Полная версия
О бедной сиротке замолвите слово
Даже я с ветки свесилась, чтобы расслышать получше. Умеет же уговаривать, засранец этакий. Рыженькая похлопывала ладошкой по своей руке, но перечить не пыталась.
И думала.
Определенно думала… просчитывала варианты. Полагаю, на изначальном, в котором она счастливо выходила замуж за племянника короля и показывала фиги всем завистникам, Эрика поставила жирный крест, а вот тот, который озвучивался теперь, нашел в ее душе отклик.
– Знаешь, а меня ведь предупреждали, что ты засранец редкостный, – вздохнула она. – Ну ладно… с тебя помощь. Только, чур, реальная, а не это словоплетство…
Айзек рассмеялся.
– Вот теперь я тебя узнаю… и чего хочешь?
– Место в приличной фирме… сам знаешь, у меня последний год, а предложений… – Эрика поморщилась. – Без протекции в столице…
– Будет тебе протекция… и заказ… У тебя браслеты получаются удивительной красоты… я как раз матушке подарок подыскиваю. Возьмешься?
– С клеймом или без?
– А право есть?
Эрика дернула плечиком и презрительно заметила:
– За кого ты меня принимаешь! Конечно, есть… и в резюме оставлю.
– Договорились…
– Свойства? Металл… лучше возьми лунное серебро… сейчас все помешались на золоте и платине, но как по мне…
– На твой выбор. А свойства…
Дальнейший разговор был малоинтересен, все-таки я пока не так уж хорошо понимала, чем первый уровень защиты отличается от второго и как настроить потоки, если… Сверху я видела две макушки, и со стороны они казались вполне милой парочкой.
Поссорились.
Помирились… с кем не бывает.
А потом рыженькая ушла, и Айзек предложил:
– Спускайся.
– Зачем? – памятуя о последней нашей встрече, спускаться я не хотела. Вообще приближаться к этому типу не хотела.
– Поговорим.
– И так неплохо говорится, – я обняла ветку и прижалась к ней щекой. – И вообще я спать собиралась, а тут вы со своей любовью…
– На дереве?
– У всех свои привычки… Так зачем девушку обидел? Мне показалось, она вполне вменяема. Надоела?

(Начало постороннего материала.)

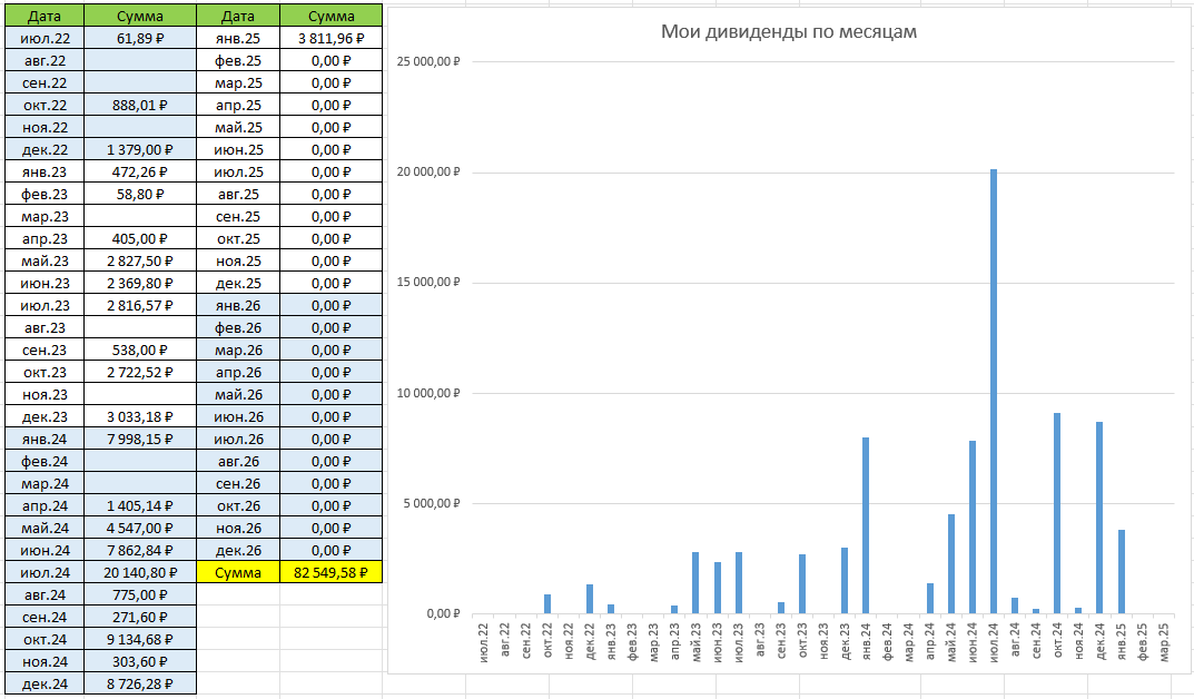 Начнем с графика, где показаны все полученные мной дивиденды по месяцам.

– Не только, – Айзек пересел так, чтобы видеть меня. – Две недели – это незначительное увлечение, а вот если дольше, ею займется служба безопасности…
– А так не занималась?
Слабо верится.
– Не настолько плотно, – он усмехнулся, демонстрируя ровные белые зубы. – Да и не в ней проблема… слухи поползут… одно дело, когда девочка – незначительный эпизод в череде прочих, и совсем другое, если вдруг кому-то покажется, что я уделяю ей слишком уж много внимания. Моя невеста может действительно расстроиться.

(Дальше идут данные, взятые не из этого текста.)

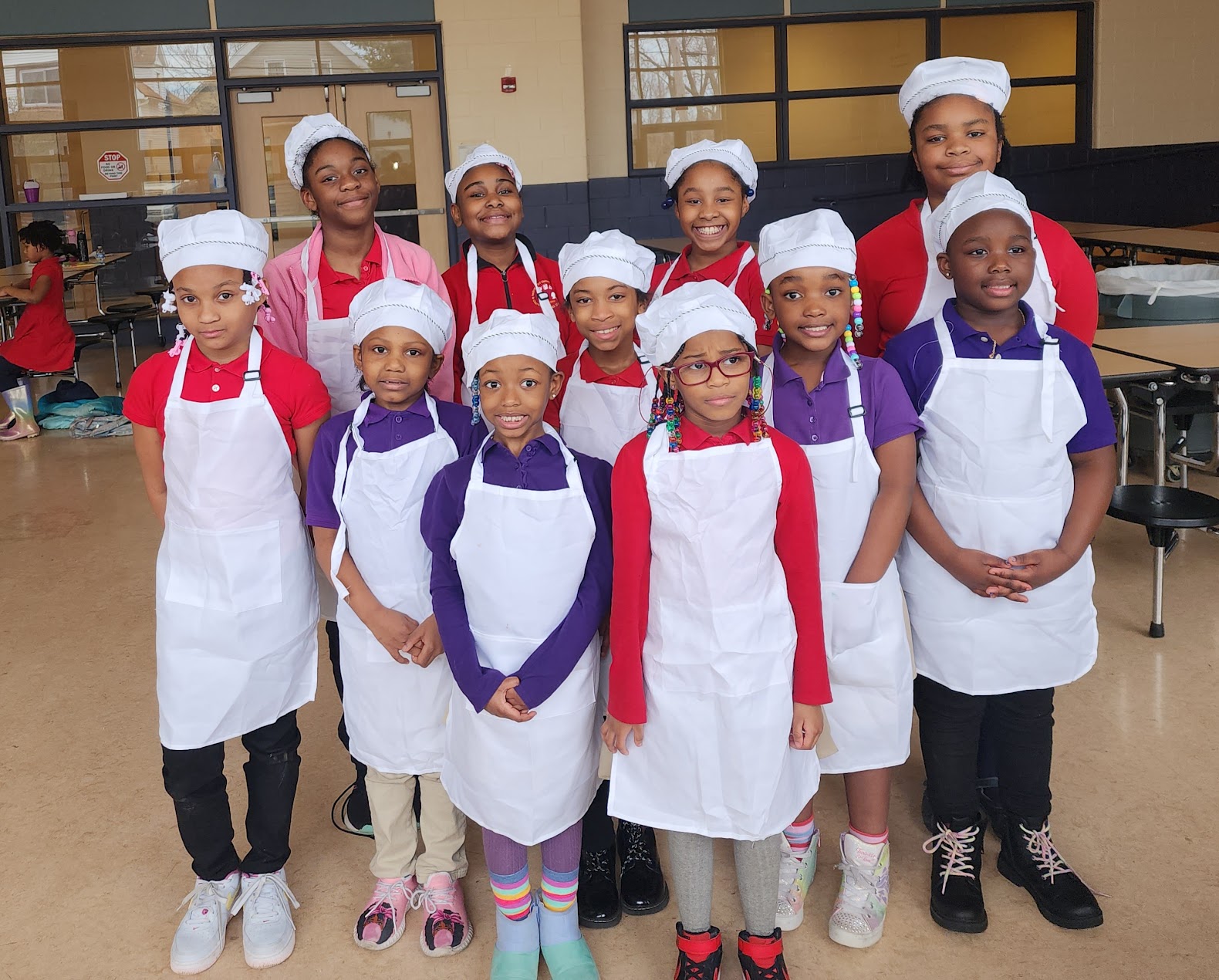 Hair MUST be secured with a hair net AND chef C.A.P. when in the kitchen and dining area.

– А сейчас, значит, не расстраивается?
– Мы относимся с пониманием к слабостям друг друга…
Ага, высокие отношения, которых мне никогда не понять. Айзек же похлопал по земле и повторил:
– Слезай.
– Это еще зачем? – слезать мне совершенно не хотелось. Более того, подумалось, что надо было в госпитале оставаться. А что, там тихо, спокойно… нет, потянуло на свободу. И что, если этот типчик, привыкший ко вседозволенности, решит, что ему самое время новую подругу искать?
И тест-драйв на травке провести?
– Да ладно, не трону… ты забавная.
– Чем это?
Спускаться я все же не стала. Обещания обещаниями, но здравый смысл настоятельно рекомендовал держаться подальше или, в данном конкретном случае, повыше.
– Обычно девочки, наоборот, стремятся познакомиться поближе… а ты бегаешь… друзья не нужны?
– А ты всех друзей через постель вербуешь?
– Злая…
– Добрым выжить тяжелее…
– Не без того… вижу, браслетики нацепили. Что случилось?
Он не пытался изображать сочувствие, а ленивое любопытство Айзека выглядело достаточно спокойно и безопасно, именно потому я ответила:
– Что-то не то с каналами… мастер говорит, что нужно время, чтобы они раскрылись и стабилизировались, а пока опасно…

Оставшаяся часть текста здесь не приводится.